OlliteRT speaks the Anthropic Messages API on `/v1/messages` and `/v1/messages/count_tokens` in addition to the OpenAI-compatible endpoints. Anthropic SDKs and Claude Code can target the phone directly with no proxy.

### Authentication

Both `Authorization: Bearer <token>` and `x-api-key: <token>` are accepted. The `x-api-key` header carries the raw token with no `Bearer` prefix — this is the form Claude Code and the official Anthropic SDKs use.

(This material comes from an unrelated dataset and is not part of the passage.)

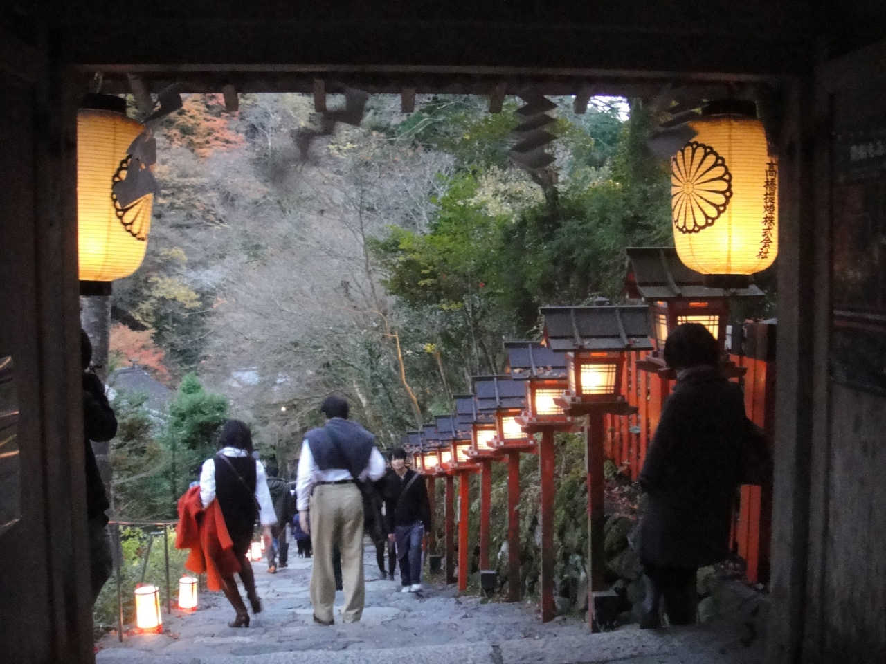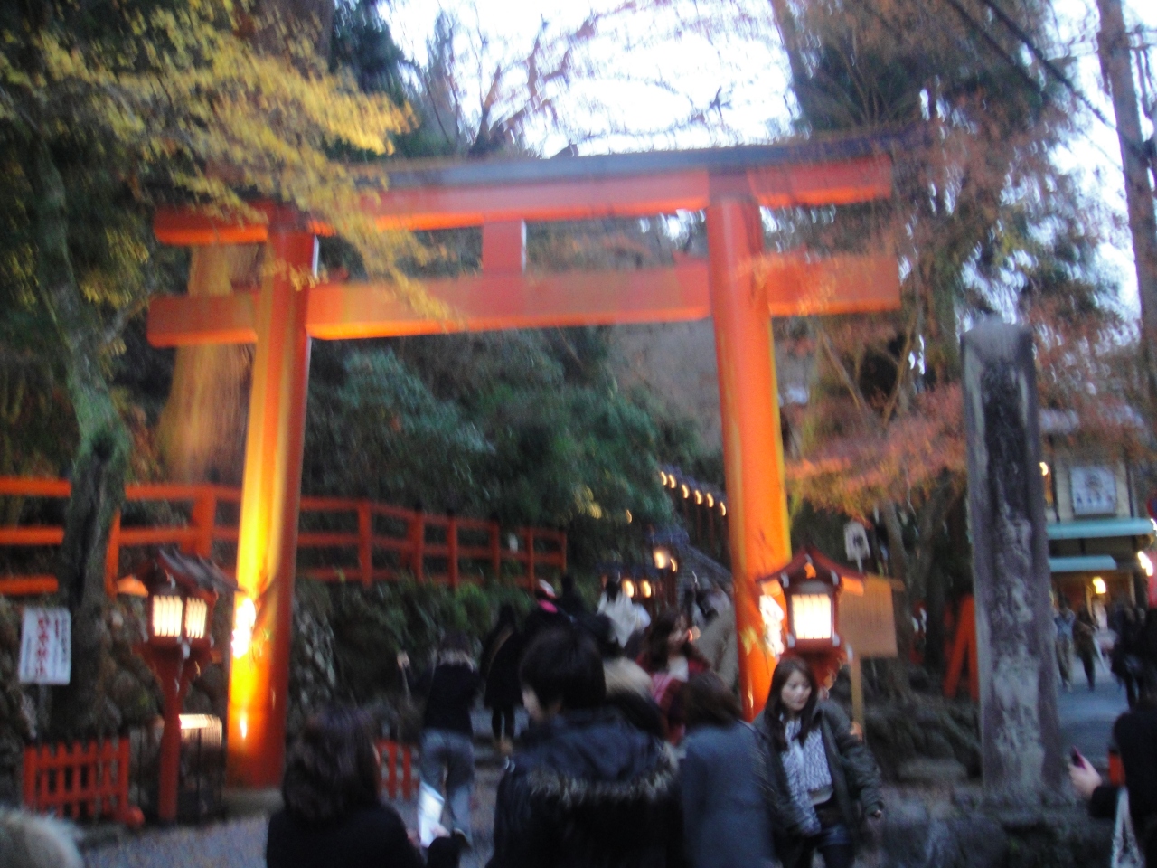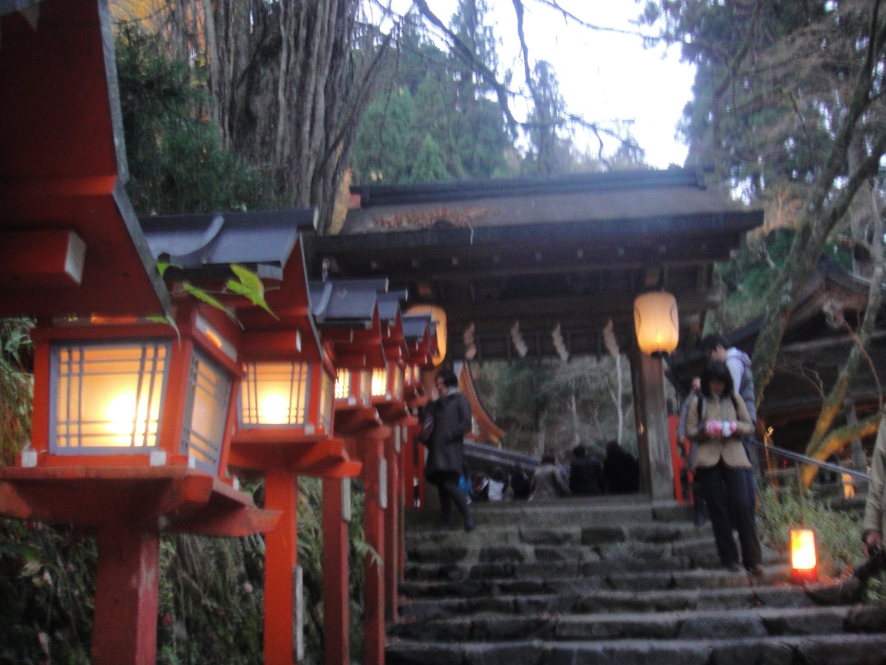 鞍馬山の帰りに貴船神社に寄りました。秋の紅葉に併せていきました。さすが山の中です。街中に比べ、結構気温が低かったです。休日に合わせて奉納ミニライブなどの催し物もやっていたため、かなりの人混みでした。縁結びのご利益というだけあり、女性の参拝客がかなり多かったと思います。貴船口の駅、本宮、奥宮の間の道は結構細い割りに(1車線?)観光シーズンだったため、交通量も多いです。また駅から本宮まで約2kmと距離の坂道を登ることになるので時間には相当余裕を持った方がよいです。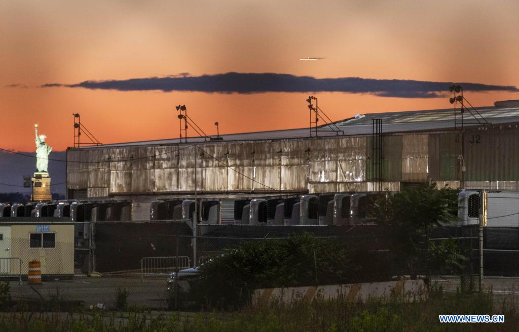 Refrigerated trailers are seen at a temporary morgue in Brooklyn, New York, the United States, June 15, 2021. Global COVID-19 cases surpassed 200 million on Wednesday, according to data from Johns Hopkins University. The global case count amounted to 200,014,602, with 4,252,873 deaths worldwide, as of 3:21 p.m. local time (1921 GMT), showed the data. (Xinhua/Wang Ying)

### Curl example — non-streaming

```bash
curl -s http://<phone>:8000/v1/messages \
  -H "x-api-key: <token>" \
  -H "anthropic-version: 2023-06-01" \
  -H "content-type: application/json" \
  -d '{
    "model": "local",
    "max_tokens": 256,
    "messages": [{"role": "user", "content": "Say hi"}]
  }'
```

### Curl example — streaming

```bash
curl -N http://<phone>:8000/v1/messages \
  -H "x-api-key: <token>" \
  -H "anthropic-version: 2023-06-01" \
  -H "content-type: application/json" \
  -d '{
    "model": "local",
    "max_tokens": 256,
    "stream": true,
    "messages": [{"role": "user", "content": "Stream a haiku"}]
  }'
```

### Curl example — count_tokens

```bash
curl -s http://<phone>:8000/v1/messages/count_tokens \
  -H "x-api-key: <token>" \
  -H "anthropic-version: 2023-06-01" \
  -H "content-type: application/json" \
  -d '{
    "model": "local",
    "messages": [{"role": "user", "content": "How many tokens is this?"}]
  }'
```

### Claude Code

```bash
export ANTHROPIC_BASE_URL="http://<phone>:8000"
export ANTHROPIC_AUTH_TOKEN="<your bearer token>"
claude
```

Claude Code maps `ANTHROPIC_AUTH_TOKEN` to the `x-api-key` header. The `/v1` segment is appended automatically.

### Limitations

- Prompt caching (`cache_control`) is accepted but discarded — there is no KV reuse beyond what LiteRT does internally.
- URL image sources, `document` blocks, and computer-use tool types are rejected with a 400.
- When tools are present and schema injection is OFF, output is buffered and arrives at end-of-stream (a constraint shared with `/v1/chat/completions`). Schema injection on → progressive streaming works.
- The Batches API and Files API are not implemented.